Blog yang berisi Peraturan Hukum di Indonesia

Pajak Pertambahan Nilai (PPN)

Pajak Pertambahan Nilai (PPN)

Undang-Undang Pajak Pertambahan Nilai barang dan jasa dan pajak penjualan atas barang mewah di Indonesia diatur dengan UU No. 7 Tahun 2021 Tentang Harmonisasi Peraturan Perpajakan, yang merupakan perubahan atas UU PPN No. 8 Tahun 1983.

Pajak pertambahan Nilai (PPN) merupakan pajak yang dikenakan atas setiap pertambahan nilai dari barang atau jasa dalam peredarannya dari produsen ke konsumen. PPN juga dapat diistilahkan Value Added Tax (VAT) atau Goods and Services Tax (GST). PPN termasuk jenis pajak tidak langsung artinya pajak tersebut disetor oleh pihak lain (pedagang) yang bukan penanggung pajak, atau dengan kata lain penanggung pajak (konsumen akhir) tidak menyetorkan langsung pajak yang ia tanggung.
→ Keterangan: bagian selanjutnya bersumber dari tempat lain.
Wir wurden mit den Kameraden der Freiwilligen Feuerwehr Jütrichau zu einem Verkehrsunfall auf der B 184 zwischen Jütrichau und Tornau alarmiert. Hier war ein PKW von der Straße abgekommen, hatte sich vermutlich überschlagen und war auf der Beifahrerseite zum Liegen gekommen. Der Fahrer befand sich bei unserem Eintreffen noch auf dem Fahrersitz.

Di Indonesia sendiri menganut sistem tarif tunggal untuk PPN yaitu sebesar 11% (sebelas persen) berlaku sejak 1 April 2022 dan 12% (duabelas persen) berlaku 1 januari 2025.
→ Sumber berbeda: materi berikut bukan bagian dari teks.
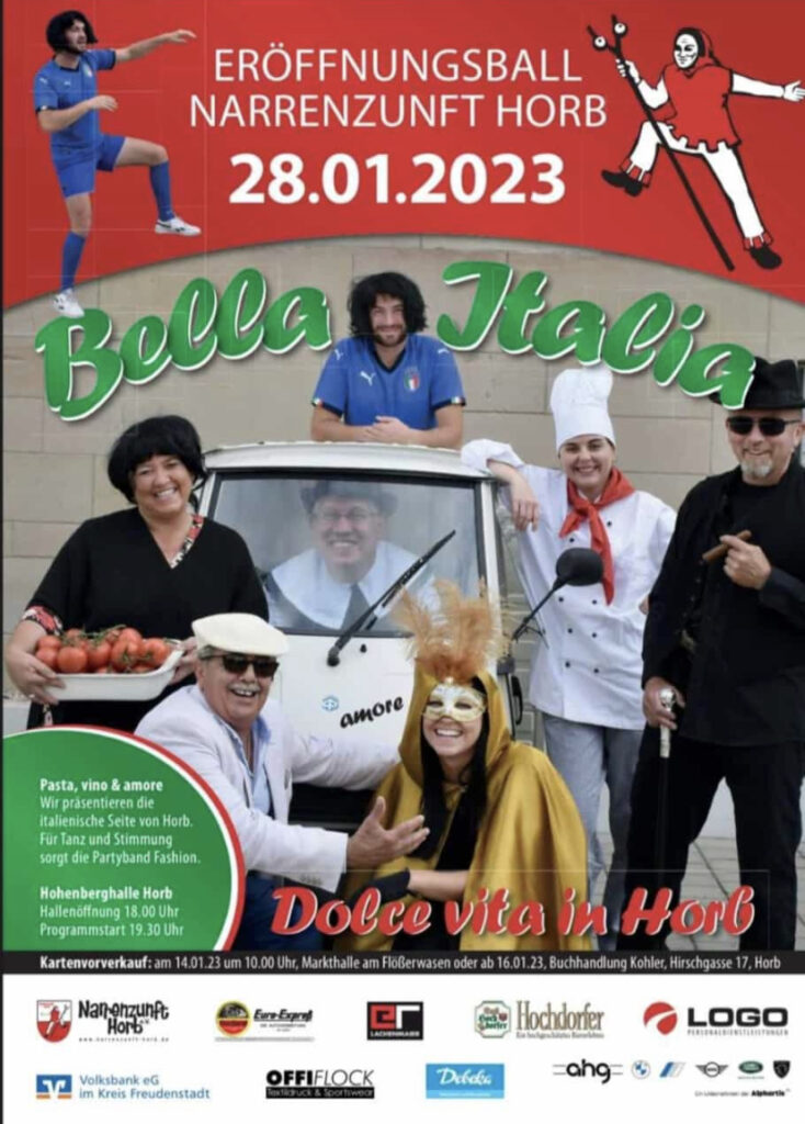 „Bella Italia – Dolce Vita in Horb“, so lautet das diesjährige, vielfältige Motto des Eröffnungsballes, zu welchem die Narrenzunft herzlich einlädt.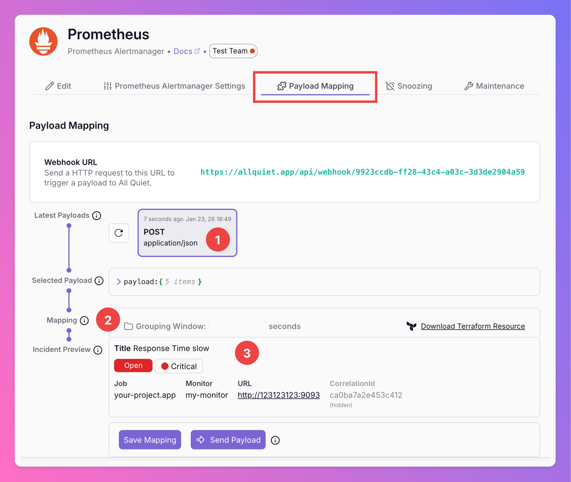 payload mappingwill transform Prometheus alerts into All Quiet incidents. You can adjust the mapping to your liking anytime. - Observe how the mapping transforms the selected Prometheus Alertmanager payload into an All Quiet incident.

Adapun karakteristik Pajak Pertambahan Nilai adalah:
  • Pajak pertambahan Nilai merupakan pajak tak langsung.
Maksudnya pemikul beban pajak dan penanggung jawab atas pembayaran pajak ke kas negara merupakan pihak yang berbeda. Pemikul beban pajak berkedudukan sebagai pembeli barang kena pajak atau penerima jasa kena pajak. Sedangkan penanggung jawab atas pembayaran ke kas Negara adalah pengusaha kena pajak yang bertindaak sebagai penjual barang kena pajak. Oleh karena itu apabila terjadi penyimpangan pemungutan pajak pertambahan nilai iskus akan meminta pertanggungjawaban kepada penjual barang kena pajak atau pengusaha kena pajak, bukan kepada pembeli walaupun pembeli mungkin juga berstatus sebagai pengusaha kena pajak. 
  • Pajak objektif.
Pajak objektif merupakan pajak yang saat timbulnya kewajiban ditentukan oleh faktor objektif. 
  • Tidak menimbulkan dampak pengenaan pajak ganda.
Kemungkinan pengenaan pajak ganda dapat dihindari karena pajak pertambahan nilai dipungut atas nilai tambah saja. Dalam hal ini pengusaha tidak diberi hak untuk memperoleh kembali PPN yang dibayar atas perolehan bahan baku/pembantu atau barang modal. Akibatnya pajak penjualan yang terutang sepenuhnya merupakan hasil perkalian tarif PPN dengan peredaran bruto. 
  • Dihitung dengan metode pengurangan tidak langsung (indirect subtraction), yaitu dengan memperhitungkan besaran pajak masukan dengan pajak keluaran.